= Josué Dubois Berthelot de Beaucours =

Canadian politician

Josué Dubois Berthelot de Beaucours (ca 1662 - May 9, 1750) was a French military officer who was chief engineer of Canada and governor of Trois-Rivières and Montreal in New France. He was also known as Jean-Maurice-Josué.

== Life ==
The son of Jacques-Hyacinthe Dubois Berthelot and Péronelle de Magnan, he was born in the chateau de Bois Berthelot at Canihuel in France and joined the French navy at the age of 20. In 1684, he was named midshipman. In 1687, he was discharged from the naval service and, the following year, became a lieutenant in the colonial regular troops of Canada.
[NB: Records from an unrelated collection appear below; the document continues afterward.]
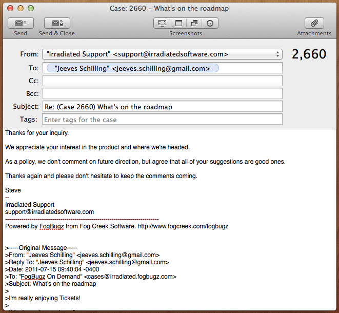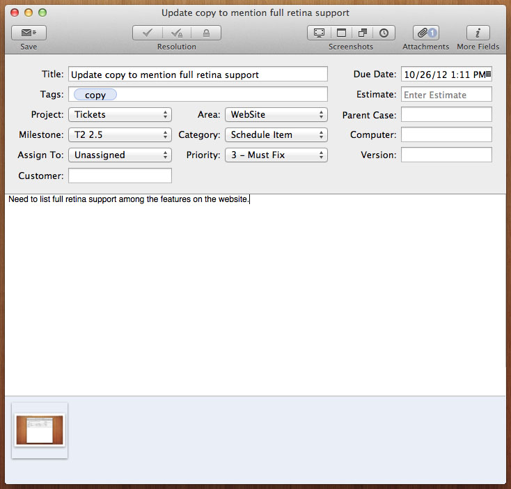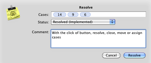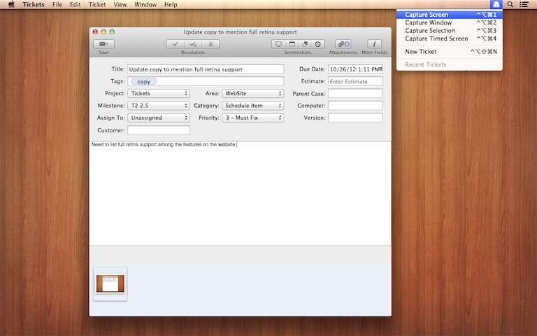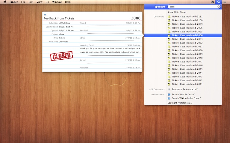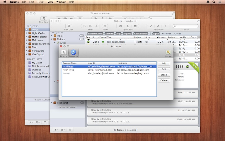 Tickets allows you to quickly create and edit FogBugz cases, including integrated screenshots and drag and drop attachments.
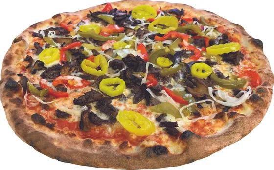 Fresh Pizza Sauce, Fresh Mozzarella, Grilled Eggplant, Zucchini, Roasted Peppers, Onion, Tomato & Oregano. Vegetables are often overlooked as a topping for pizza, but adding these ingredients to your favorite pizza can really make it a healthy meal. Vegetables add fiber and vitamins to your diet, and they're also an easy way to cut down on calories. Vegetables are low in fat and protein, so they're a good choice if you're trying to lose weight. When choosing which vegetables to use on your pizza remember that its always good with a nice tasting pizza crust. We use a baking stone oven, with a pizza pan or cast-iron skillet to bake your pizza on. A hot stone oven will create the best crust. The crust should be golden around the edges and browned throughout the bottom. When you're ready to eat, let your pizza cool for a few minutes before serving. That'll help you avoid a soggy, bloated pizza that's hard to enjoy.
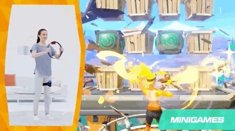 除了剧情,《健身环大冒险》还内置了丰富的小游戏,打箱子、打地鼠、做瓷器,锻炼身体的同时还考验了反应能力。《健身环大冒险》经过一次更新后,将 Switch 其他游戏里的知名配乐带入了《健身环大冒险》,让我们可以使用健身环来进行节奏练习。
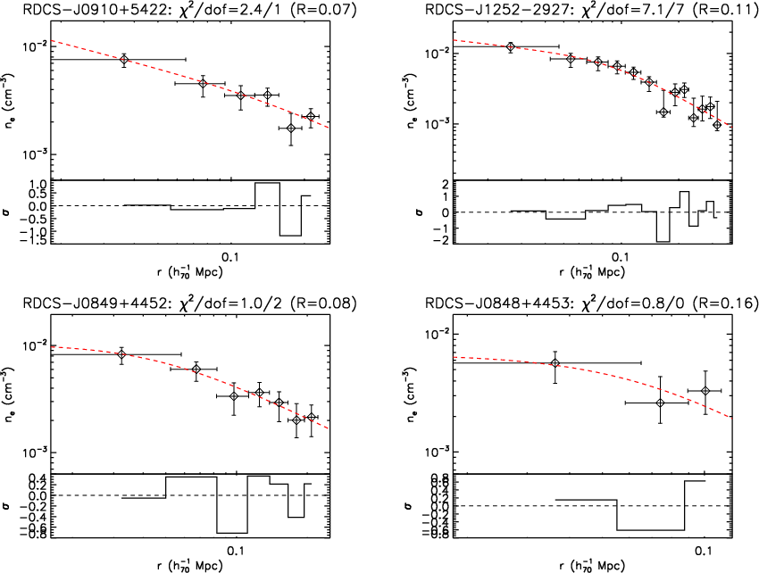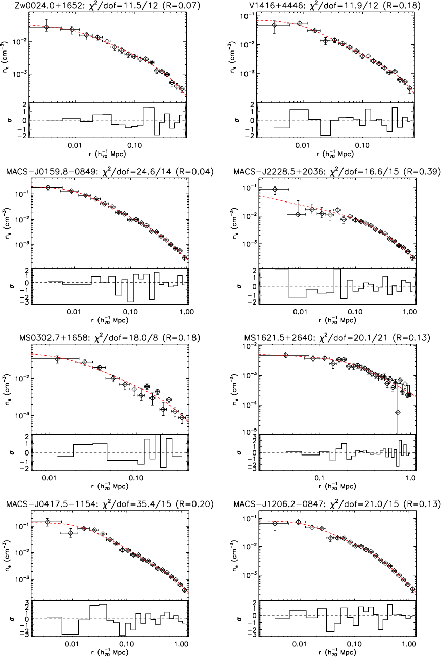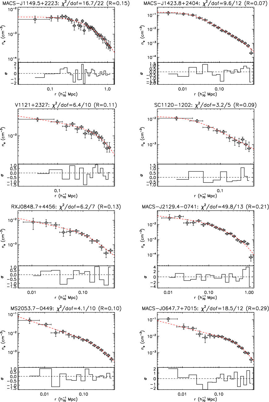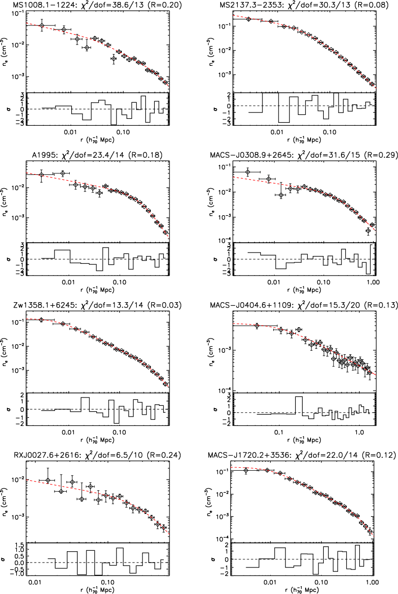 We show the electron density profiles, obtained from the deprojection of the surface brightness, of the objects in our high-z sample. We overplot the best-fitted function form in Eq. (5) fitted over the radial range

In 1689, he was charged with improving the defences of the town of Trois-Rivières due to the threat of attacks by the Iroquois. In 1692, Beaucours led a successful expedition against the Iroquois. Later that year, he drew up plans for the fortification of Quebec City against a possible English attack. He was subsequently given the post of engineer. In 1701, he was promoted to captain and, in 1702, went to work on forts in the Montreal area. In 1704 and 1705, he led a group of 120 men which took part in an expedition against the English in Newfoundland that culminated in the Siege of St. John's. On his return, Beaucours continued to work on fortifications at Montreal and Quebec City and, in 1712, he was awarded the cross of Saint-Louis and named chief engineer for Canada. Beaucours married Marie-Angélique Denys de La Ronde in 1713. In 1715, he was named chief engineer for the French colony on Île Royale and, in 1717, became king's lieutenant of Île Royale.

In 1730, he became governor of Trois-Rivières. Beaucours served in that post until 1733, when he was named governor of Montreal. He retired in 1748. Beaucours died in Montreal two years later.

During his life he owned 11 slaves.

==Legacy==
Beaucours street in Sherbrooke was named in his honour. Les Maisons de Beaucours in Old Quebec were also named after Beaucours.